● Instructions for the task
Exclude pictures; retype the lines below from the line containing "泗阳县经开区淮泗河桂林路水质" through the end of the records, both ends kept.
● ● ●
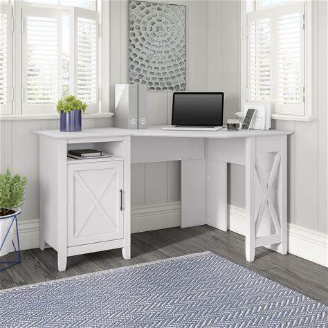 Bush Home Cabot 60W L Shaped Computer Desk With Hutch And 5 Shelf Bookcase In Linen White Oak
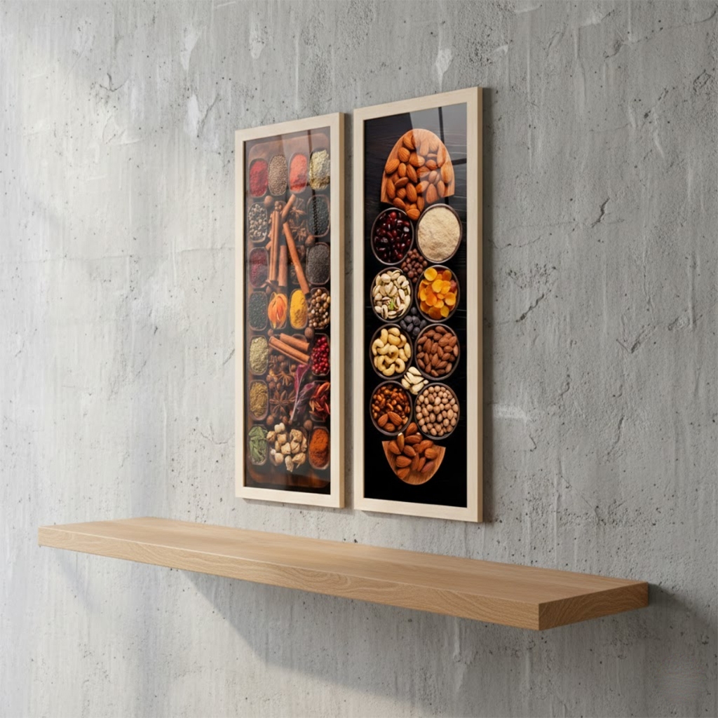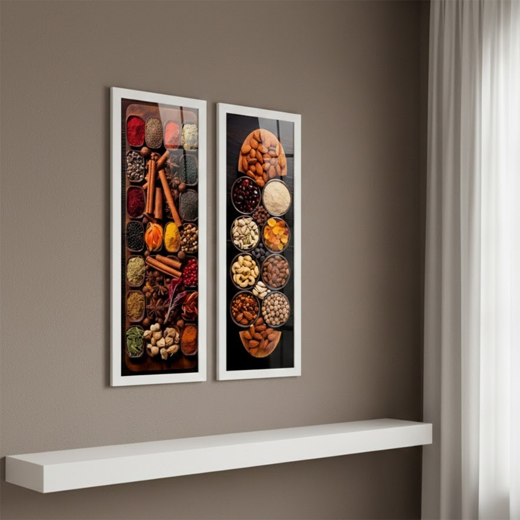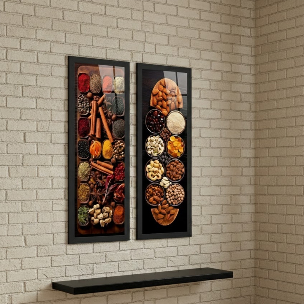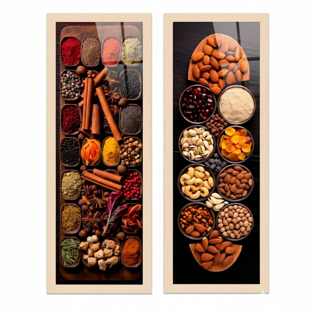 Kit 2 Quadros Copa, Cozinha, Área Gourmet, Temperos 2 moldura e vidro
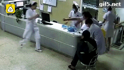 隨后,四五位值班醫護人員為外賣小哥找了個凳子讓他坐下,免費為他清洗、包扎傷口。
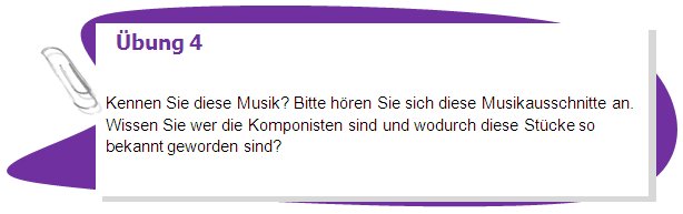 In jedem Bereich stellen wir Ihnen ein paar Beispiele vor. Vielleicht kennen Sie manches schon, vielleicht können Sie in anderen Aspekten Ihr Wissen erweitern. Die Hörbeispiele eignen sich zum Beispiel auch als Gesellschaftsspiel in Ihrer Familie oder mit Ihren Freunden: lassen Sie sie raten, ob sie die Musik erkennen.
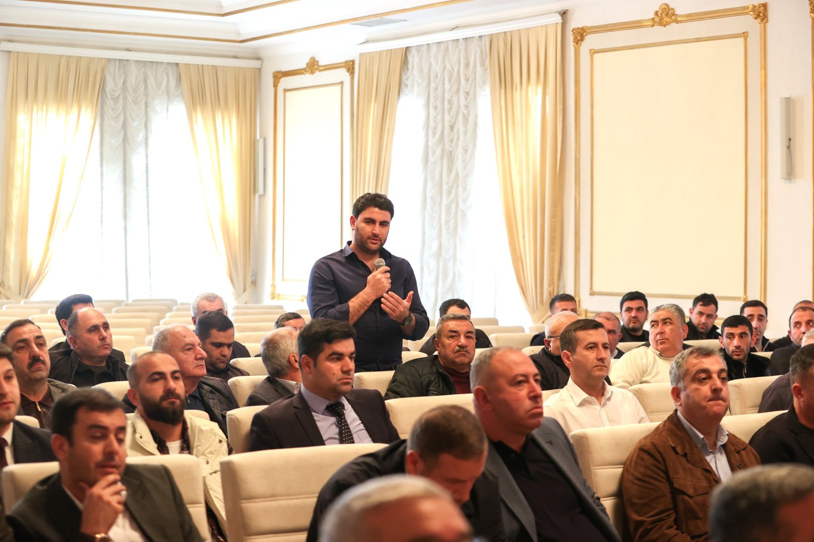Sonra görüşdə iştirak edən sahibkarların təklifləri dinlənilib, meyvə-tərəvəz məhsullarının satışına, emal müəssisələrinin yaradılmasına, kənd təsərrüfatı məhsullarının saxlanması üçün kiçik həcmli soyuducuların alınmasına və arıçılıq təsərrüfatı üçün torpaq sahəsinin icarəyə götürülməsinə dəstək, aqroturizm, suvarma, tingçilik, infrastruktur məsələləri və s. ilə bağlı müzakirələr aparılıb, biznes subyektlərinin sualları cavablandırılıb.
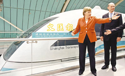 ■德國總理默克爾上月在中國訪問時表示,德國的磁浮技術不能白送。資料圖片
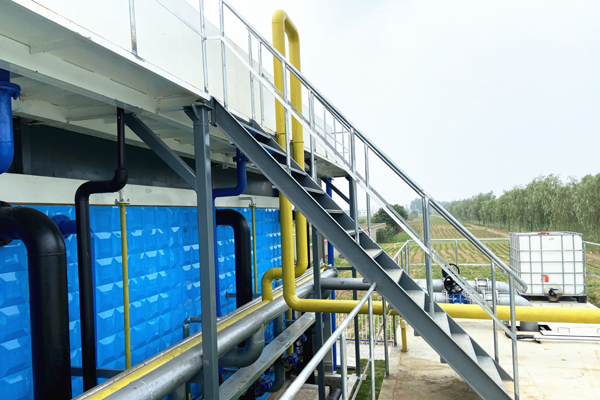 泗阳县经开区淮泗河桂林路水质净化站,位于桂林路与淮泗河交口东南角,轮毂大厦以东,实际占地约833.6㎡,设计处理能力2000m³/d,采用“
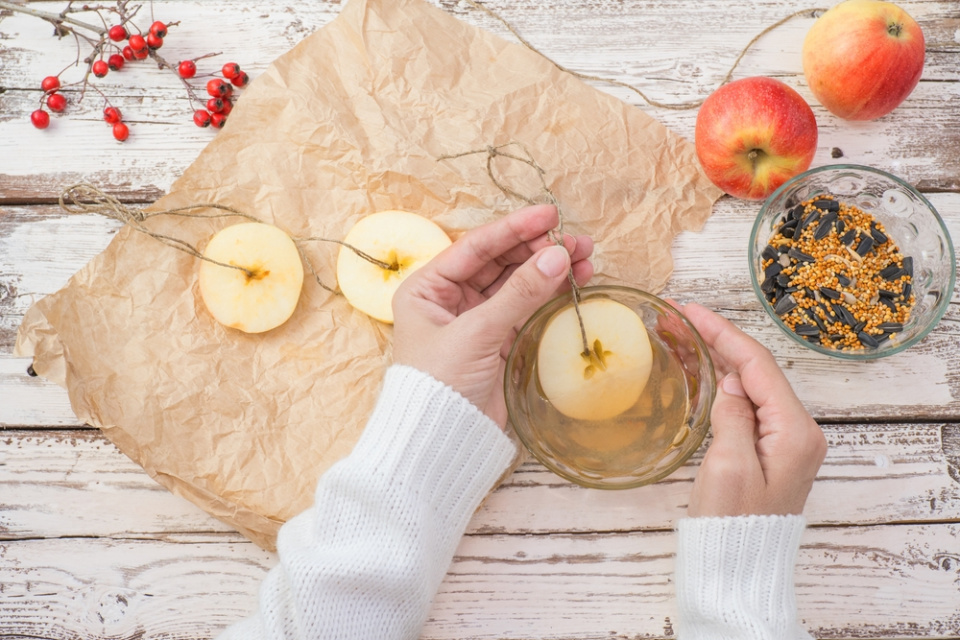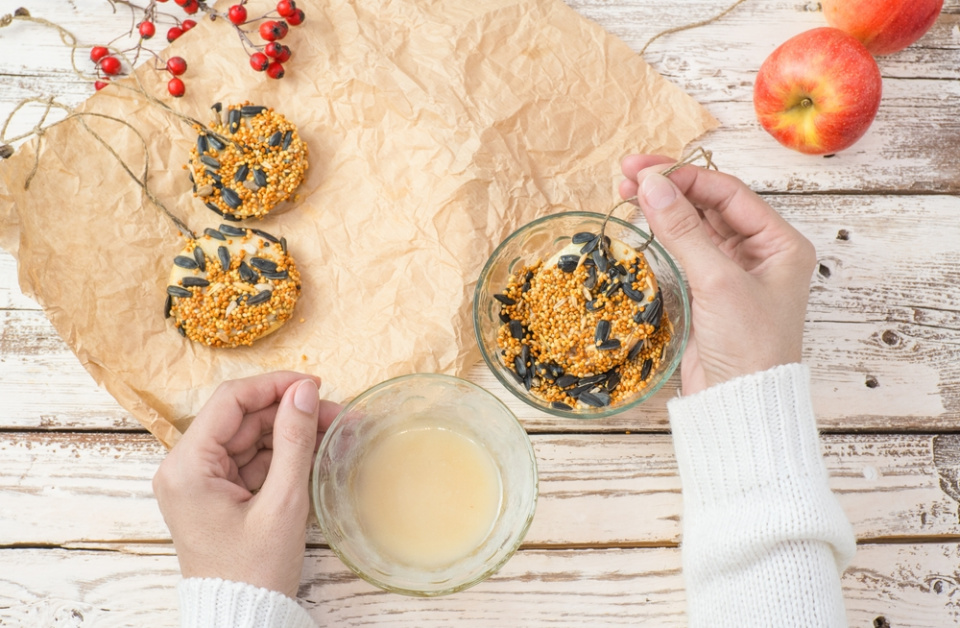 Plátky jablek a dýní namáčejte v rozpuštěném loji a obalujte semínky. Hotová krmítka nechte zavěšená v chladu, aby na nich lůj dobře zatuhnul
● ● ●
● Response area
 泗阳县经开区淮泗河桂林路水质净化站,位于桂林路与淮泗河交口东南角,轮毂大厦以东,实际占地约833.6㎡,设计处理能力2000m³/d,采用“
 Plátky jablek a dýní namáčejte v rozpuštěném loji a obalujte semínky. Hotová krmítka nechte zavěšená v chladu, aby na nich lůj dobře zatuhnul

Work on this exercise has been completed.